Your goal:
Find the line with "im 10. Modul" and the line with "今朝の児童朝会にて、PTAの" in the entries below; output exactly those two lines, every line between them, and no others.

Input material:

◇ ◇ ◇

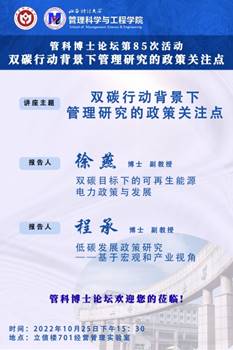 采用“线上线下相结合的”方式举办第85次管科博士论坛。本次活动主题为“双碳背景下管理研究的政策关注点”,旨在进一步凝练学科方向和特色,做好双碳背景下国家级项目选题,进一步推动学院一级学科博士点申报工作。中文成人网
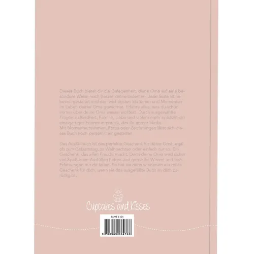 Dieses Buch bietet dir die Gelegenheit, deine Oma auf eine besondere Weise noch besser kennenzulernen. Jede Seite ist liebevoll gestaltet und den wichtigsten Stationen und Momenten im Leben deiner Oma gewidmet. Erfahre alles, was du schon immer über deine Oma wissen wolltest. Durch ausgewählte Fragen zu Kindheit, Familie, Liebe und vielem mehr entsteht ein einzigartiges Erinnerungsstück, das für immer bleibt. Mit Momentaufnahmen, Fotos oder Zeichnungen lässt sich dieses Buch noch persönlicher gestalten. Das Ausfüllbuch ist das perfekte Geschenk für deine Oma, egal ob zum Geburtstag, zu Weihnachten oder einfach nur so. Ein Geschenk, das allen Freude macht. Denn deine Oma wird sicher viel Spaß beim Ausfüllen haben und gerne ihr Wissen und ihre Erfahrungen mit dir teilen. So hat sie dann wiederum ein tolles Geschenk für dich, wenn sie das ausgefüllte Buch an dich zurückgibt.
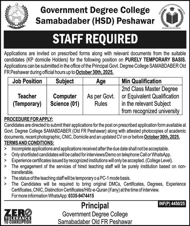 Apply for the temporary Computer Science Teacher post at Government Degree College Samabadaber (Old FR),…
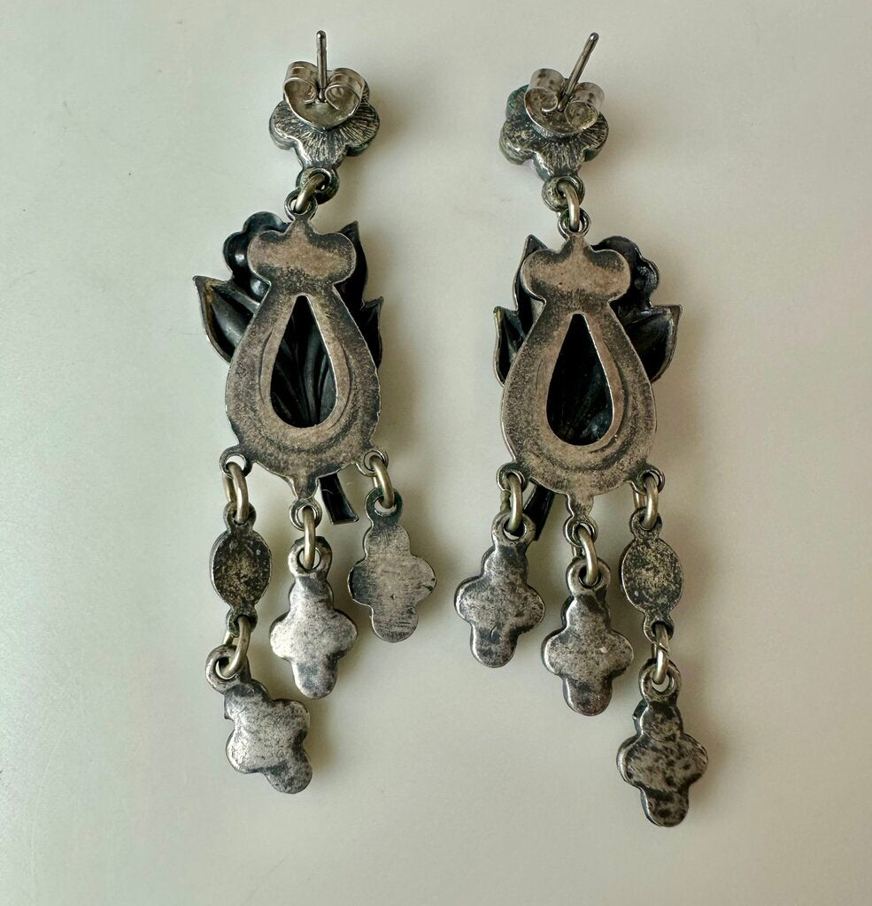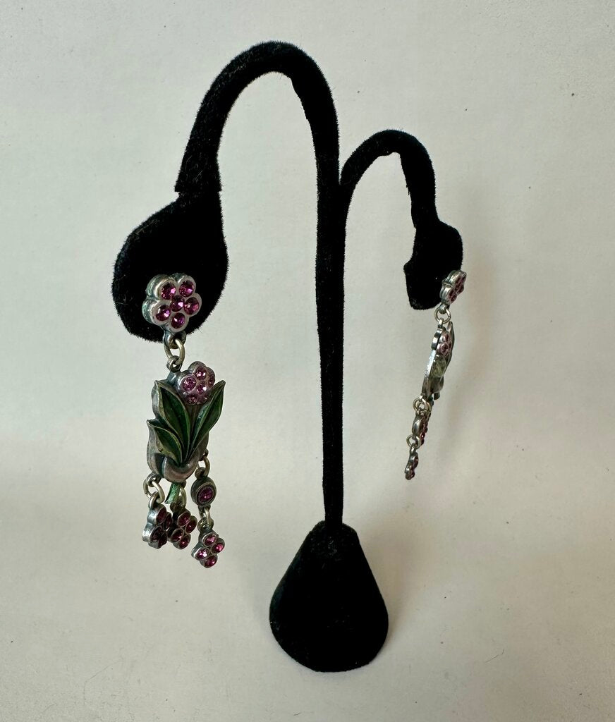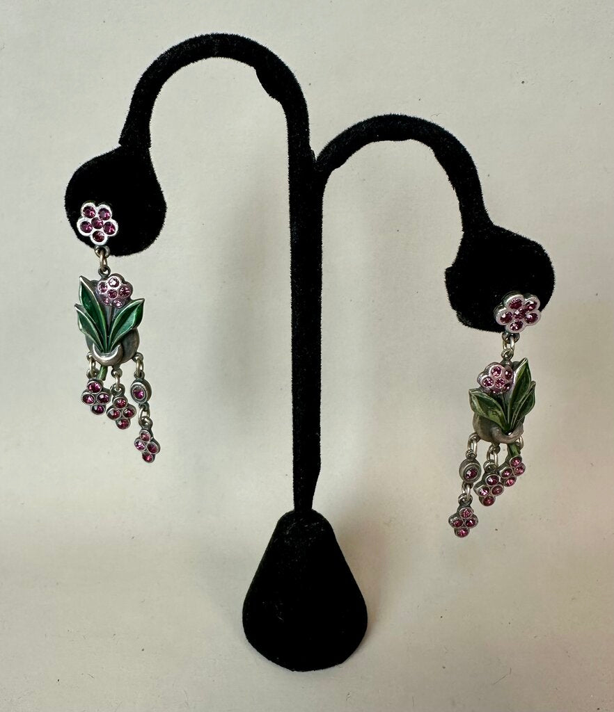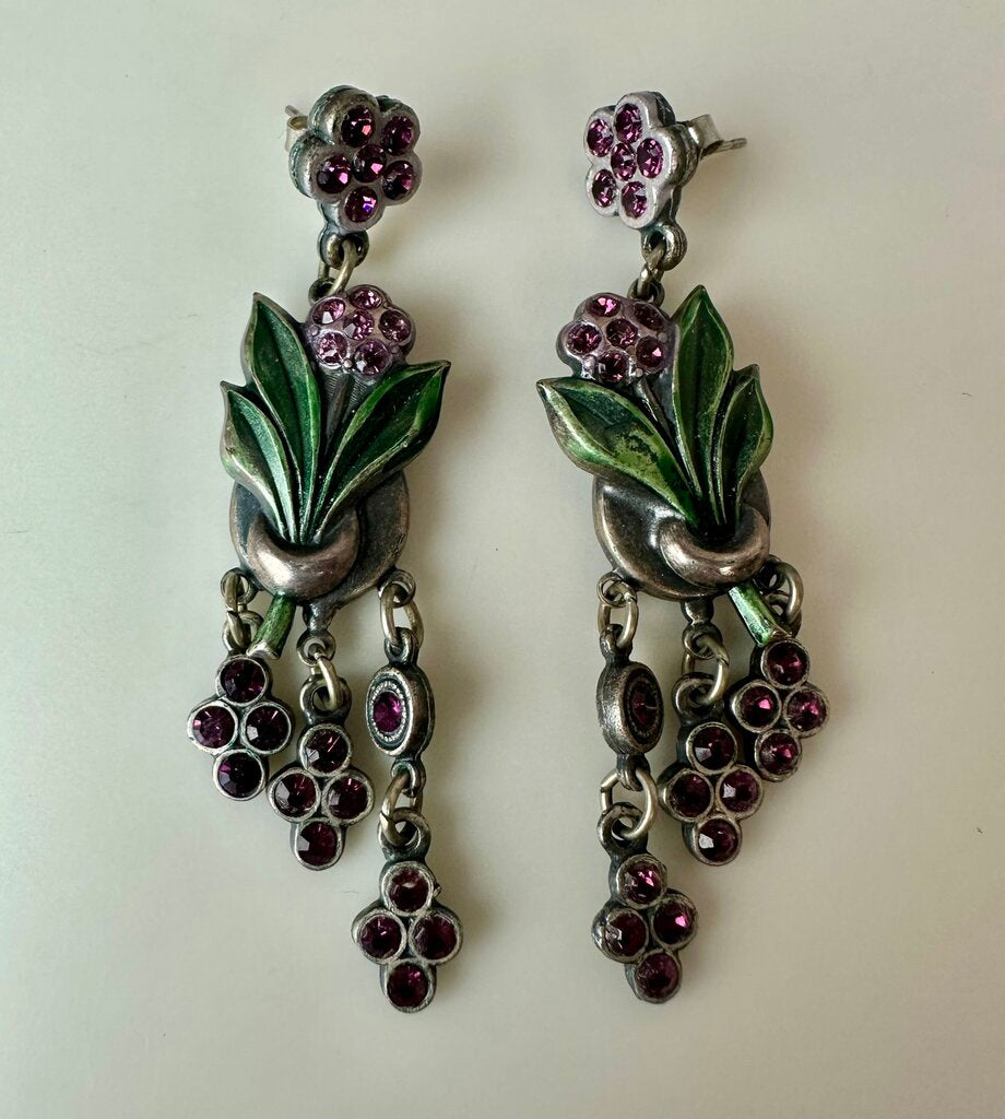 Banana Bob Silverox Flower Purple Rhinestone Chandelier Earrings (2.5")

◇ ◇ ◇

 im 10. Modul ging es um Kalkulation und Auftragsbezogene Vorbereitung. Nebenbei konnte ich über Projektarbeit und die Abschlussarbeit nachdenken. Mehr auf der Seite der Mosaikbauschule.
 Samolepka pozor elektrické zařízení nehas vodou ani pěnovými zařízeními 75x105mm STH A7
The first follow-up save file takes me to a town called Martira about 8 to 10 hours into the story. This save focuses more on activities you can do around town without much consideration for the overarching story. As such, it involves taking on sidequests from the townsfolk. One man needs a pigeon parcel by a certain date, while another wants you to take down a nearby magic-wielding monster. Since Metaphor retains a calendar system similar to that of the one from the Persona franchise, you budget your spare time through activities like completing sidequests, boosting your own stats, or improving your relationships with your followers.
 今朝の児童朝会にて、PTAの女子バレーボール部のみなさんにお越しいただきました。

◇ ◇ ◇

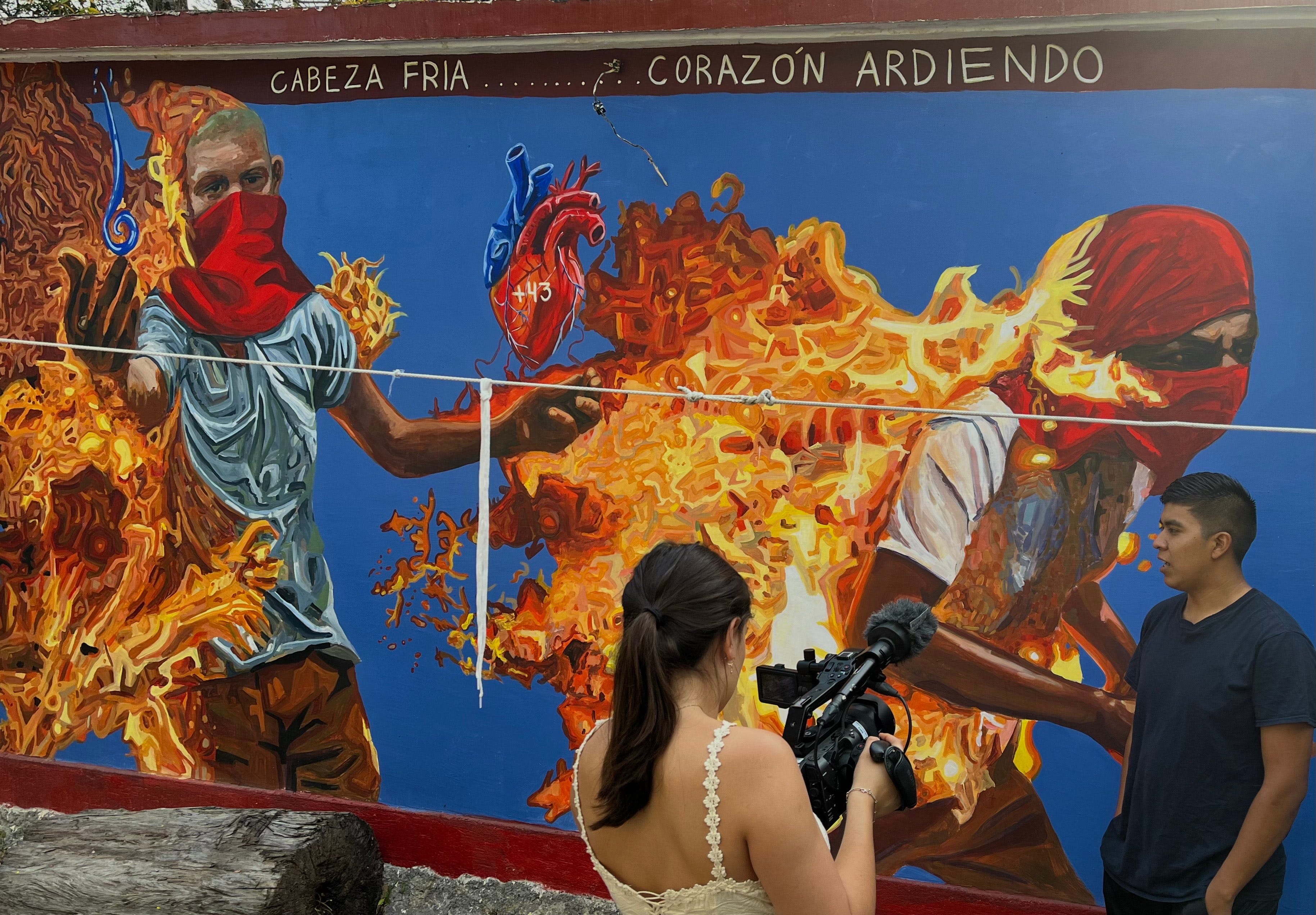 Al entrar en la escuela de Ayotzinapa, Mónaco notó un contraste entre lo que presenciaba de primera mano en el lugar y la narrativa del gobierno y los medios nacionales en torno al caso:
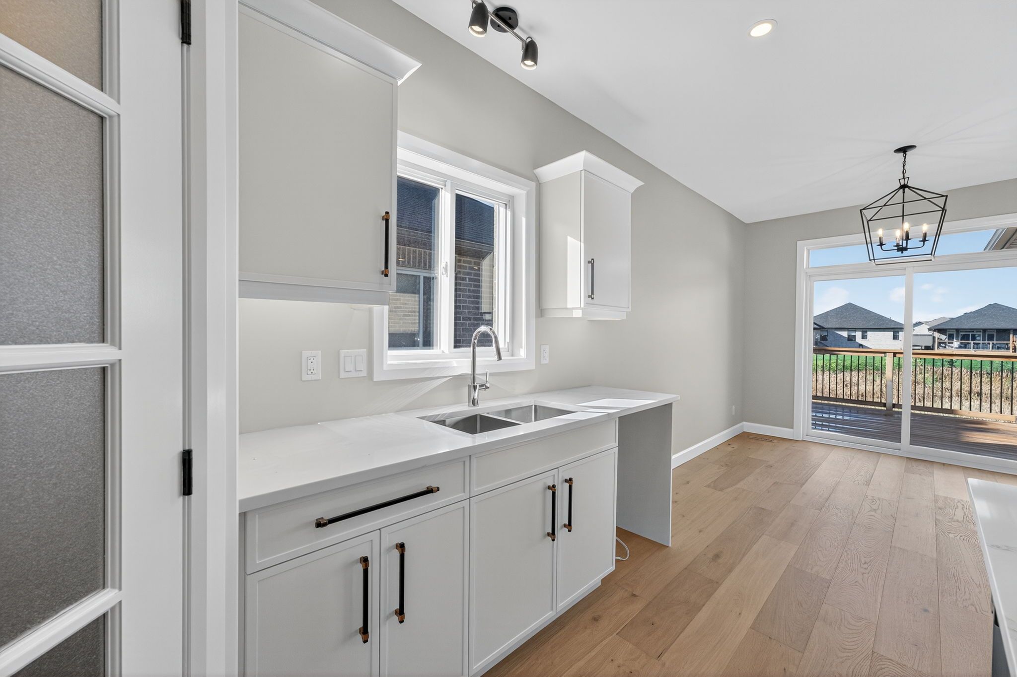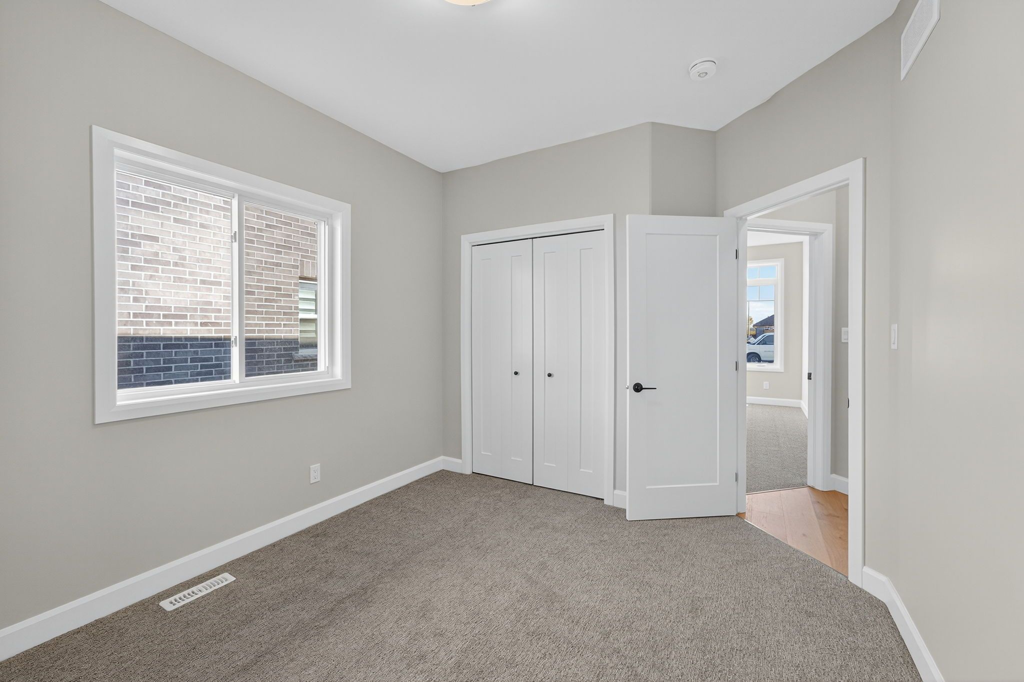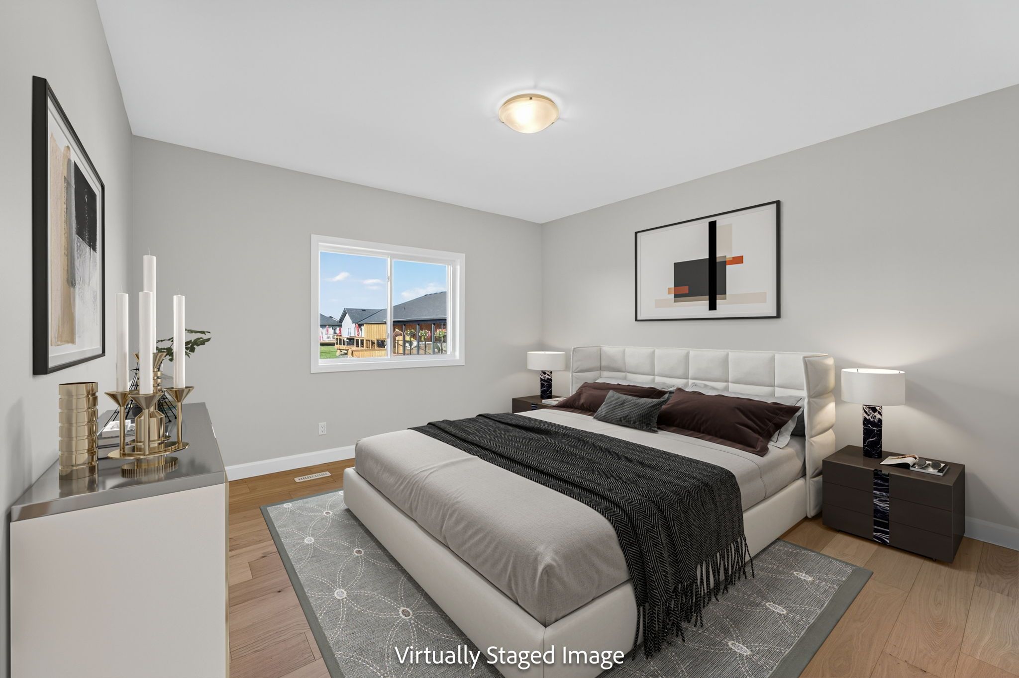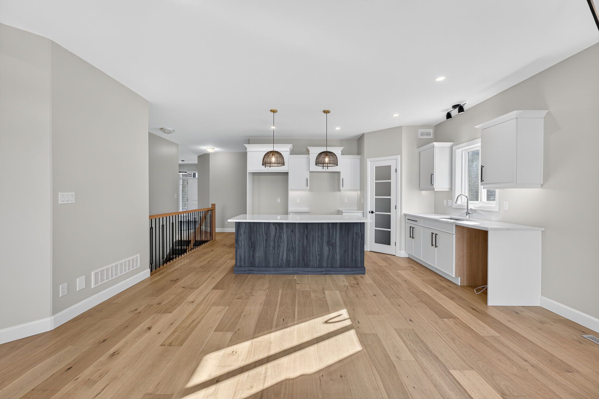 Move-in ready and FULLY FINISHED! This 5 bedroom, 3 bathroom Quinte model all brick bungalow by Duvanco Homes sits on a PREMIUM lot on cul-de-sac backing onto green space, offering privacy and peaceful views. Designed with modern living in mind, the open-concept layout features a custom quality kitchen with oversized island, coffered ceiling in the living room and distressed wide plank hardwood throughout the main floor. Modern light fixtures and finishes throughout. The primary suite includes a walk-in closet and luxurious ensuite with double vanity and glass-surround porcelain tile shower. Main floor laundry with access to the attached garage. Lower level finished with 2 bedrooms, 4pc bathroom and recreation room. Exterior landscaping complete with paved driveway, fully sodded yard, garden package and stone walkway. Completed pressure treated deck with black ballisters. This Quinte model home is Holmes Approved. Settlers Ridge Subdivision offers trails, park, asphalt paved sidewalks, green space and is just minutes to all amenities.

◇ ◇ ◇

Solution for this problem:
 im 10. Modul ging es um Kalkulation und Auftragsbezogene Vorbereitung. Nebenbei konnte ich über Projektarbeit und die Abschlussarbeit nachdenken. Mehr auf der Seite der Mosaikbauschule.
 Samolepka pozor elektrické zařízení nehas vodou ani pěnovými zařízeními 75x105mm STH A7
The first follow-up save file takes me to a town called Martira about 8 to 10 hours into the story. This save focuses more on activities you can do around town without much consideration for the overarching story. As such, it involves taking on sidequests from the townsfolk. One man needs a pigeon parcel by a certain date, while another wants you to take down a nearby magic-wielding monster. Since Metaphor retains a calendar system similar to that of the one from the Persona franchise, you budget your spare time through activities like completing sidequests, boosting your own stats, or improving your relationships with your followers.
 今朝の児童朝会にて、PTAの女子バレーボール部のみなさんにお越しいただきました。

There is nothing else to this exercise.